_What is needed_.
Copy out only the lines running from the one that contains "alten Superheldengeneration aufgeworfen." through the end of the listing. Pictures stay out.

——————————

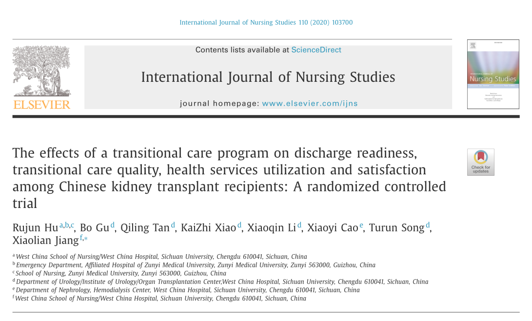 文章标题《过渡期护理项目对中国肾移植受者出院准备度、过渡期护理质量、卫生服务利用及满意度的影响:一项随机对照研究》《The effects of a transitional care program on discharge readiness, transitional care quality, hea...
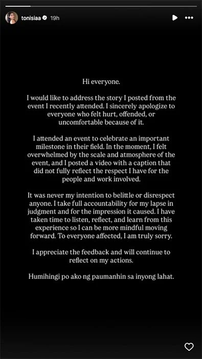 "I sincerely apologize to everyone who felt hurt, offended, or uncomfortable... It was never my intention to belittle or disrespect anyone," she wrote in a follow-up post.
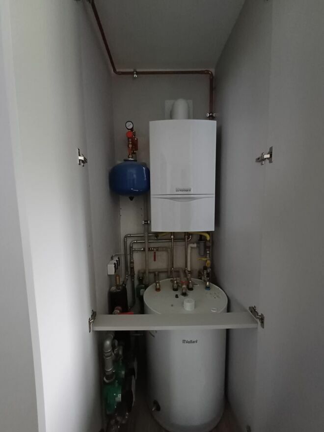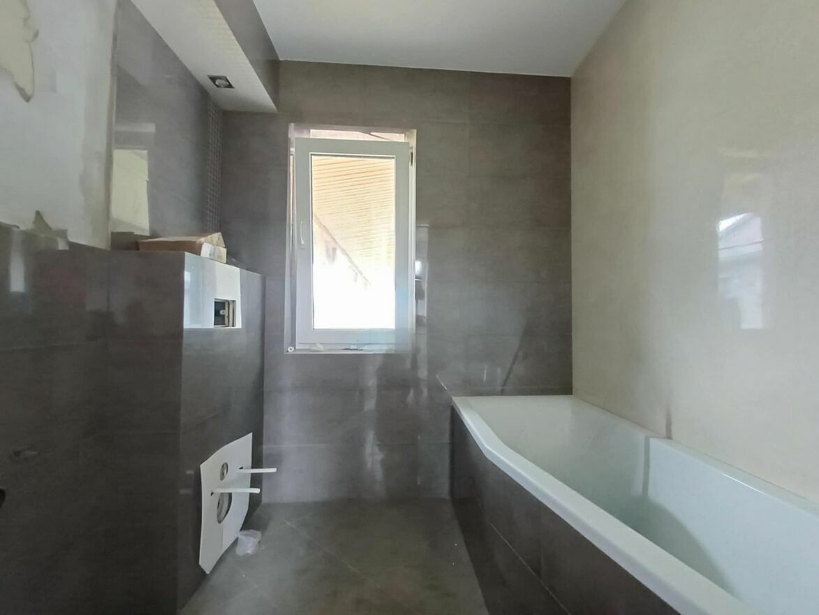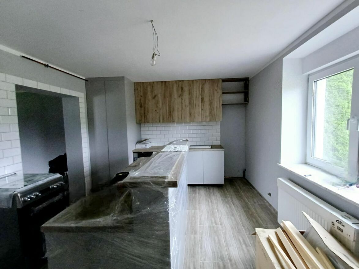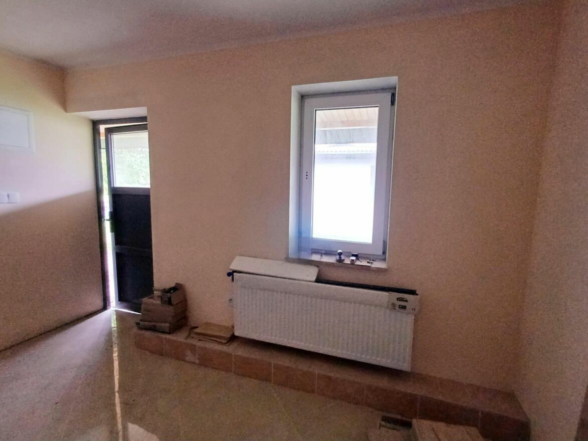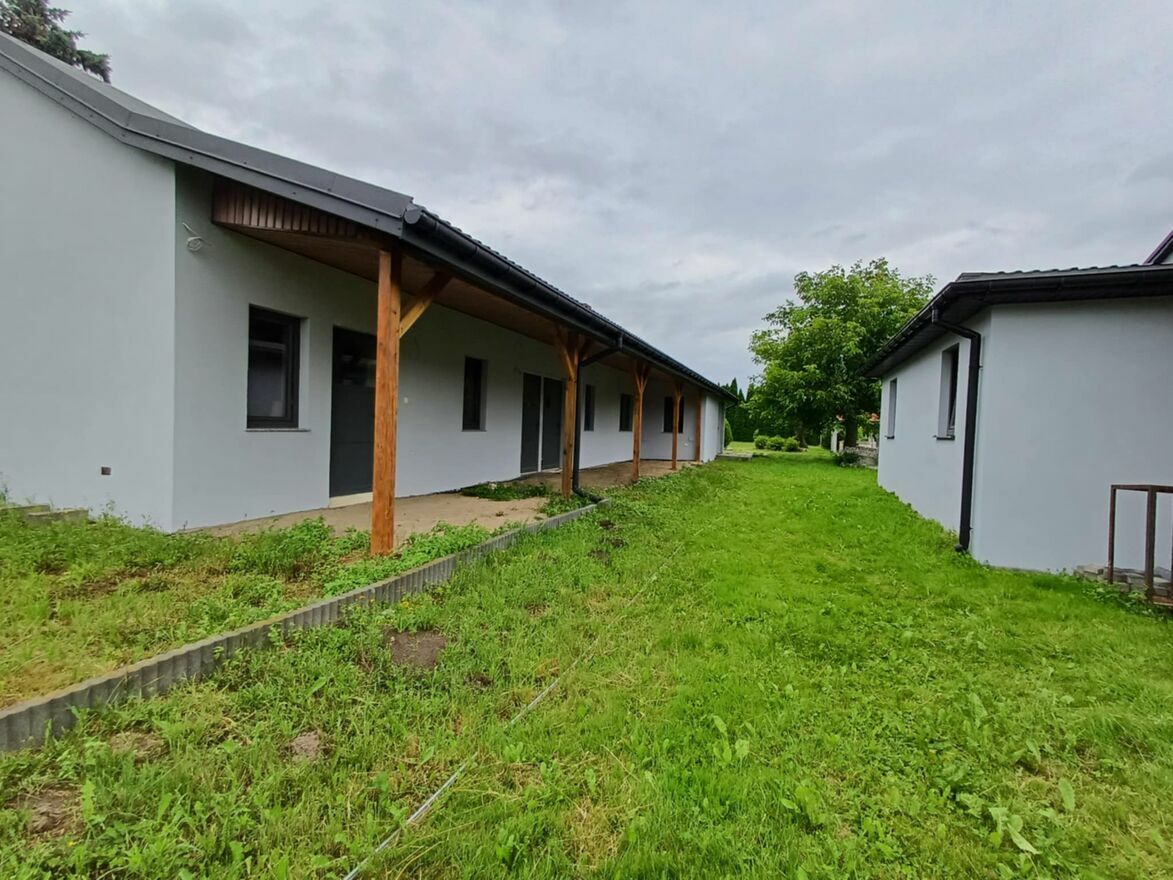 Mniejszy budynek gotowy do zamieszkania lub na wynajmy. Powierzchnia gotowego budynku 120 m2. Składa się on z mieszkania 50m2 ( pokój, kuchnia, łazienka, przedpokój) + 2 samodzielne pokoje z łazienkami ( kabiny prysznicowe) + pokój bez łazienki. Ogrzewanie gazowe, podłogowe i dodatkowo co.
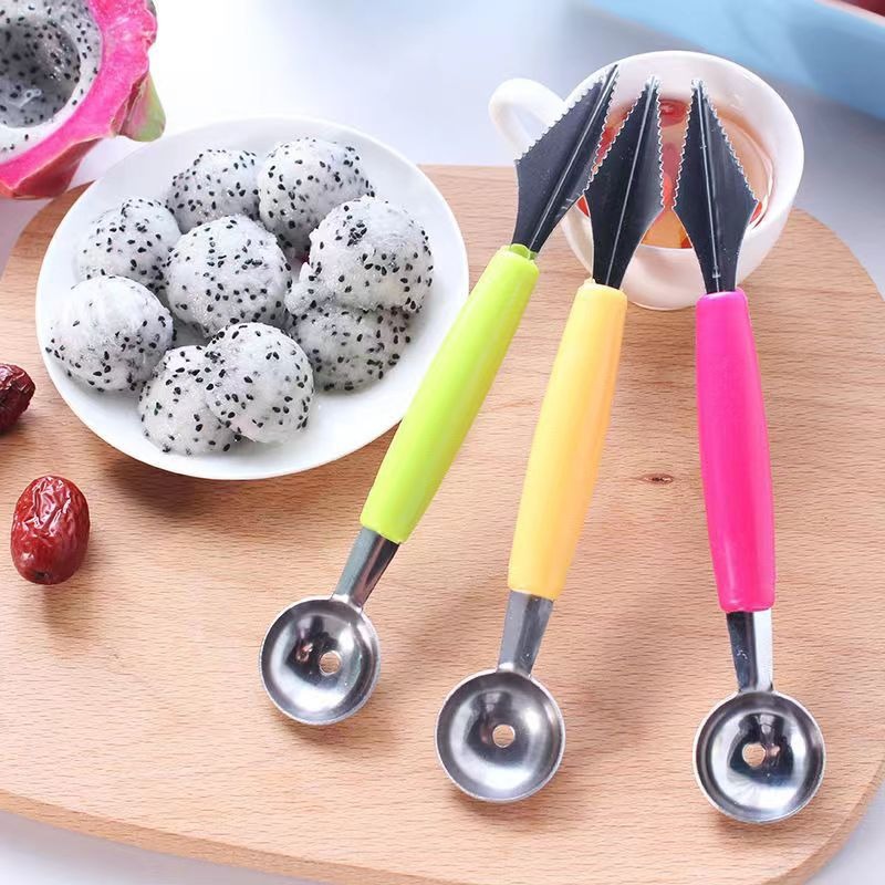 スイカ掘削ボールスプーン家庭用花スタイルの果物切り器ダブルヘッドステンレス果物盛り合わせスプーン波紋彫刻刀スプーン
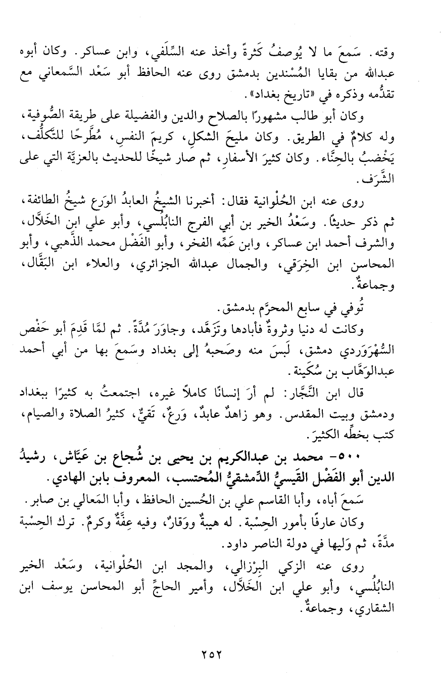 500 - مُحَمَّد بن عَبْد الكريم بْن يحيى بْن شُجاع بْن عَيَّاش، رشيدُ الدّين أَبُو الفضلِ القَيْسيُّ الدّمشقيّ المُحتسبُ، المعروف بابنِ الهادي. [المتوفى: 637 هـ]
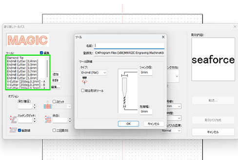 ダイヤモンドチップやエンドミルなどの様々なツールに関する情報を包括的に管理し、ツールパスの作成時に選択できます。
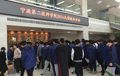 又到一年冬季,用血紧张的时间,2016年12月21日下午,宁波第二技师学院近二百名学生在校综合楼一楼大厅内进行了无偿献血。学校相关负责同志、老师及团委学生会的志愿者纷纷前往综合楼大厅对参加献血的同学表达了关心和慰问。
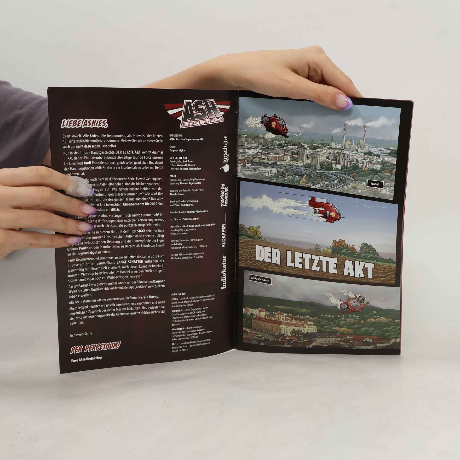 In "Austrian Superheroes #16 - Der letzte Akt" laufen zum Saisonfinale alle offenen Handlungsstränge zusammen. Es werden Fragen zu den Manipulationen des Basilisken, mysteriösen Spuren und den Geheimnissen der alten Superheldengeneration aufgeworfen.
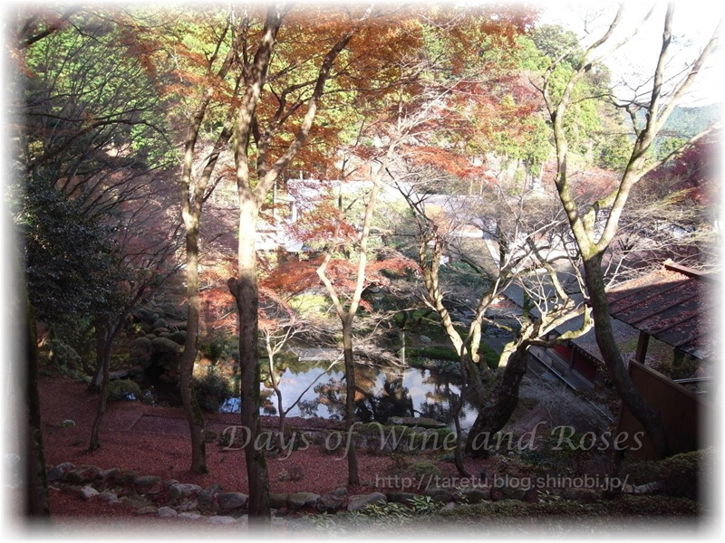 本堂自体は撮影ができない様子。本堂のバルコニーから心字池とその周辺を撮りました。

——————————

_Task result_.
 In "Austrian Superheroes #16 - Der letzte Akt" laufen zum Saisonfinale alle offenen Handlungsstränge zusammen. Es werden Fragen zu den Manipulationen des Basilisken, mysteriösen Spuren und den Geheimnissen der alten Superheldengeneration aufgeworfen.
 本堂自体は撮影ができない様子。本堂のバルコニーから心字池とその周辺を撮りました。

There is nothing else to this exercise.